Mon Dec 12 17:52:54 PST 2016

dberlin added inline comments.

================
Comment at: lib/Transforms/Scalar/NewGVN.cpp:10
+/// \file
+/// This file implements the new LLVM's Global Value Numbering pass.
+///
----------------
davide wrote:
> silvas wrote:
> > This file comment needs to be signficantly expanded. Remember, lots of people looking at this class might be e.g. people taking a compiler class that want to look at a "real" GVN implementation. Let's make sure come away impressed so that they will want to join LLVM!
> > 
> > At the very least, some citations for the relevant paper and stuff, along with summary of which exact variant of the algorithm are implemented would be good. Also, I think the high-level idea of GVN is simple enough that a high-level from-scratch description would be appropriate. I can help with writing this if you want.
> > 
> > In theory, we can expand this later, but when have you seen a commit improving a file-level comment? The only one I remember was in response to post-commit review asking for an improved file-level comment. So getting it right the first time is actually pretty important.
> I agree. Tried to expand it a bit.

I'm happy to describe the sparse predicated algorithm a bit if you want to add it.  I'll touch on the predication/etc bits when we add them.

Traditional GVN algorithms fall into two categories: Congruence partitioning and Hash based.

Hash based GVN's hash the operation performed by an instruction in some fashion, and look it up in a hash table.  Anything that hashes the same and is otherwise "congruent" is considered equal.  A hash based value numbering is optimistic if it is assumes that everything not in the table is congruent to everything else, and pessimistic if it is assumes everything not in the table is not congruent to everything else.

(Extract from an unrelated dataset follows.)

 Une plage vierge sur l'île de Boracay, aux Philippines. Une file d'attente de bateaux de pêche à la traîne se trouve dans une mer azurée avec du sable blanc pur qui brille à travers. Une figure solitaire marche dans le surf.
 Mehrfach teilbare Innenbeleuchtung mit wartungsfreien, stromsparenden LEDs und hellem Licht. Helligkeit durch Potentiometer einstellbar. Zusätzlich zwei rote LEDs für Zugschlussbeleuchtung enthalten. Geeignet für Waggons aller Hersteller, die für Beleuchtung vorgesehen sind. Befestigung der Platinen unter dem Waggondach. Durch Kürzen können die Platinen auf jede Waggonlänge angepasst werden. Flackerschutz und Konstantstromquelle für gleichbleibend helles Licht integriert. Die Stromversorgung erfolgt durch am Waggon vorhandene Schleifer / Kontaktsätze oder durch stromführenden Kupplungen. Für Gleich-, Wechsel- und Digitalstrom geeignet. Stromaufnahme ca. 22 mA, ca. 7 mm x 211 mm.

Congruence partitioning based GVN's start with every value in a single partition, and split the partition as they discover values that are not equal.

Optimistic hash based GVN and congruence partitioning GVN will discover the same set of congruences.

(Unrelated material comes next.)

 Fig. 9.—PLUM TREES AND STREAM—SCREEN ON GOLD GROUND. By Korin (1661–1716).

Most compilers nowadays use optimistic hash based approaches.  The downside to optimistic hash based value numbering is that it requires reprocessing the entire routine again and again until the hashtables stops changing.  This is because value dependences are not tracked well enough to know what must be reprocessed, and values can be involved in cycles (meaning there is no perfect order in which you can process the function to get a correct result).   This makes these algorithms non-sparse. There are refinements to these algorithms, such as SCC based value numbering, which only requires iterating SCC's of the SSA graph, but most compilers use the hash table approach.

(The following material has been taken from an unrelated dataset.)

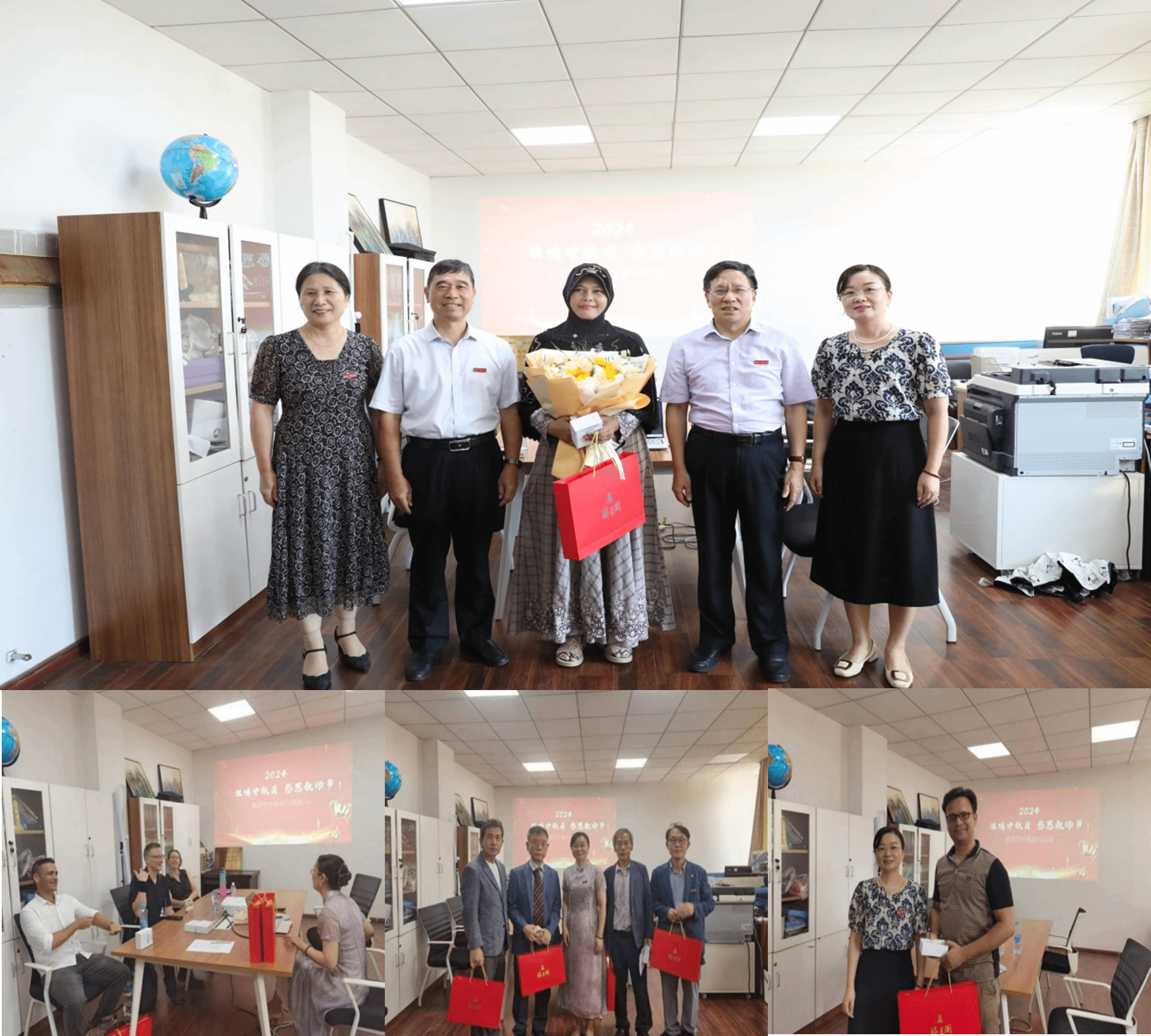 关怀外教架心桥。校党委书记汪胜前、校党委副书记吴泽俊在相关职能部门负责同志陪同下慰问外籍教师ARNIZA FITRI。国际交流与合作处组织“浓情中秋月,感恩教师节”活动,向外籍教师传达节日祝福,介绍中秋文化,促进文化交流与理解。

By contrast, the algorithm is more like the sparse conditional constant propagation algorithm, and uses a worklist of instructions to process.   Dependencies between values and instructions are tracked finely enough (through the CongruenceClass structure) that when the value an operation has changes, we add the possibly dependent instructions to the worklist and keep going.

Memory locations s also value numbered by this algorithm.  For memory, the goal of the algorithm is to discover the values stored at various memory locations (instead of just what loads are equivalent).  Because of this loads and stores are value numbered together (while they are different expression classes, the hash ensures this occurs).    MemorySSA is used to value number memory state.  

To give a concrete example, given:
1 = MemoryDef(0)
store %a, %ptr

and

MemoryUse (1)
load %ptr

These will be value numbered into the same congruence class, as the memory is the same location with the same value.

This also enables the algorithm to discover equivalences that alias analysis cannot easily do.

A trivial example:

1= MemoryDef(0)
store %a, %ptr
MemoryUse(1)
load %ptr
2 = MemoryDef(1)
store %a, %ptr
MemoryUse(2)
load %ptr

These loads are equivalent, but a simple value numbering will not discover this.

The algorithm we use will discover that the stores store the same value, and thus will say that 1 and 2 are equivalent memory states.

It will then value number 
MemoryUse(2) 
load %ptr

as if it was 
MemoryUse(1)
load %ptr

This enables the algorithm to discover fairly advanced (and even cyclic) equivalences between memory locations, much as it will do for scalars.

The algorithm used also performs unreachable code elimination/etc, similar to how sparse conditional constant propagation works. It optimistically assumes edges are unreachable until proven otherwise, and ignores unreachable values when value numbering phi nodes to create a maximal answer to value equivalence.

In addition to the above this algorithm supports forward propagation, global reassociation, and predication.

https://reviews.llvm.org/D26224